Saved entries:

========================

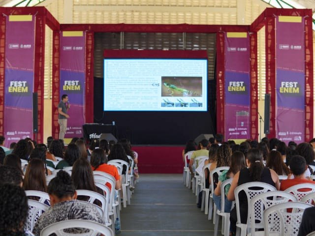 O Fest Enem foi realizado no último sábado (1º), na quadra do Centro de Educação de Jovens e Adultos (Ceja), no Crato, e reuniu centenas de estudantes em um dia inteiro de aprendizado, serviços e integração. Promovido pela Câmara Municipal, por meio do programa Alcance Enem, o evento foi o maior aulão preparatório para o Enem no Cariri.
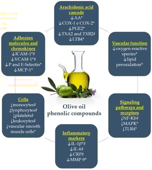 Studies on primary prevention have demonstrated the association between consumption of EVOO, naturally rich in phenolic compounds, and reduced risk of major cardiovascular events in patients at high risk for developing cardiovascular diseases [,]. Such an effect may be mediated by the control of modifiable risk factors and potential anti-inflammatory mechanisms of olive oil phenols [].
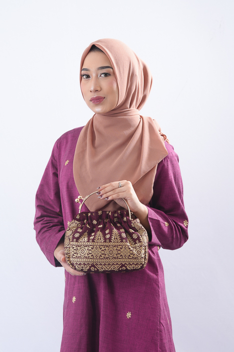 Terbuat dari kain songket asli Palembang, dilengkapi dengan rantai panjang 105cm
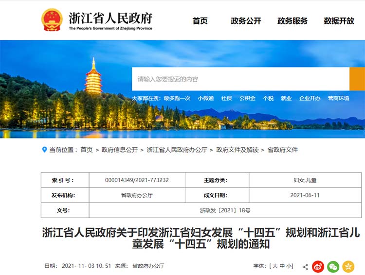 11月3日,浙江省人民政府发布《儿童发展“十四五”规划》,围绕儿童与家庭、健康、安全、教育、福利、法律保护、社会环境7个领域提出68条具体目标措施。其中明确,探索将艺术类科目纳入中考。
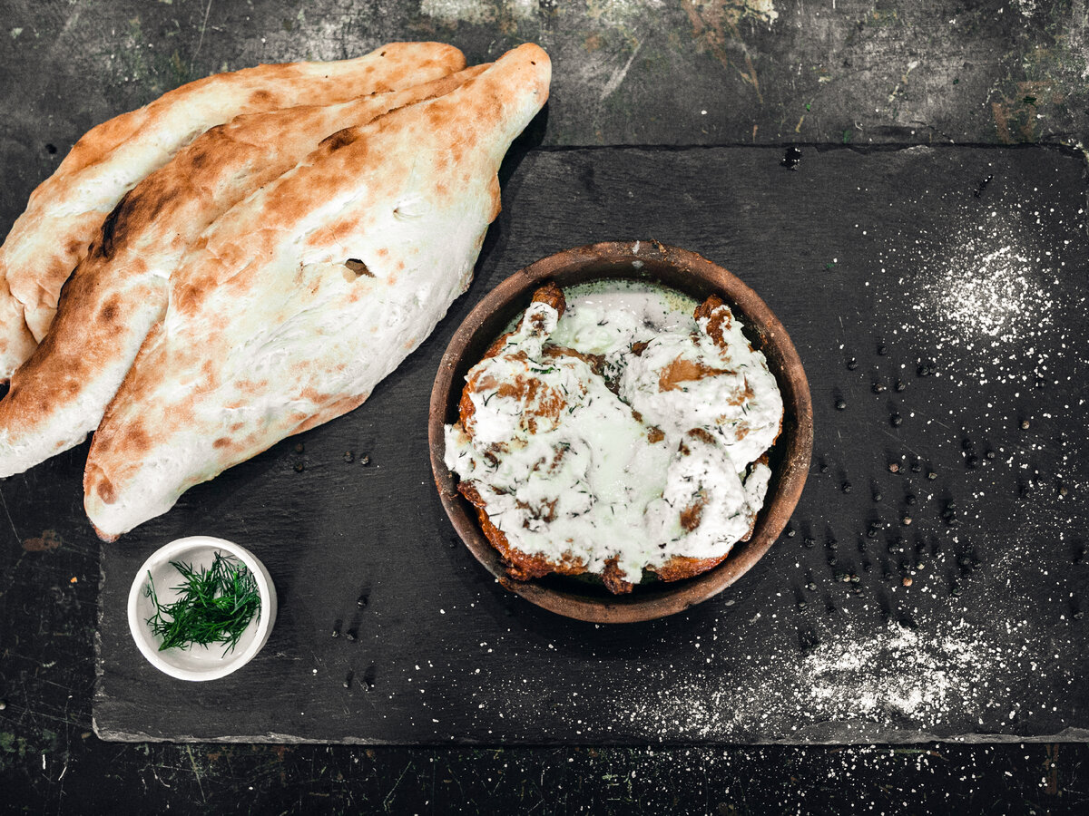 2. Отдельно готовим соус: чеснок и укроп листья мелко рубим ножом. В сотейнике смешиваем молоко. чеснок, сметану, укроп, солим. Ставим на плиту, прогреваем, помешивая, до растворения кристаллов соли. Доводим соус до кипения, после кипения

========================

▶ [WORK INSTRUCTION] Would you output all of the entries above exactly, keeping the pictures out?

▶ [YOUR SOLUTION]
 O Fest Enem foi realizado no último sábado (1º), na quadra do Centro de Educação de Jovens e Adultos (Ceja), no Crato, e reuniu centenas de estudantes em um dia inteiro de aprendizado, serviços e integração. Promovido pela Câmara Municipal, por meio do programa Alcance Enem, o evento foi o maior aulão preparatório para o Enem no Cariri.
 Studies on primary prevention have demonstrated the association between consumption of EVOO, naturally rich in phenolic compounds, and reduced risk of major cardiovascular events in patients at high risk for developing cardiovascular diseases [,]. Such an effect may be mediated by the control of modifiable risk factors and potential anti-inflammatory mechanisms of olive oil phenols [].
 Terbuat dari kain songket asli Palembang, dilengkapi dengan rantai panjang 105cm
 11月3日,浙江省人民政府发布《儿童发展“十四五”规划》,围绕儿童与家庭、健康、安全、教育、福利、法律保护、社会环境7个领域提出68条具体目标措施。其中明确,探索将艺术类科目纳入中考。
 2. Отдельно готовим соус: чеснок и укроп листья мелко рубим ножом. В сотейнике смешиваем молоко. чеснок, сметану, укроп, солим. Ставим на плиту, прогреваем, помешивая, до растворения кристаллов соли. Доводим соус до кипения, после кипения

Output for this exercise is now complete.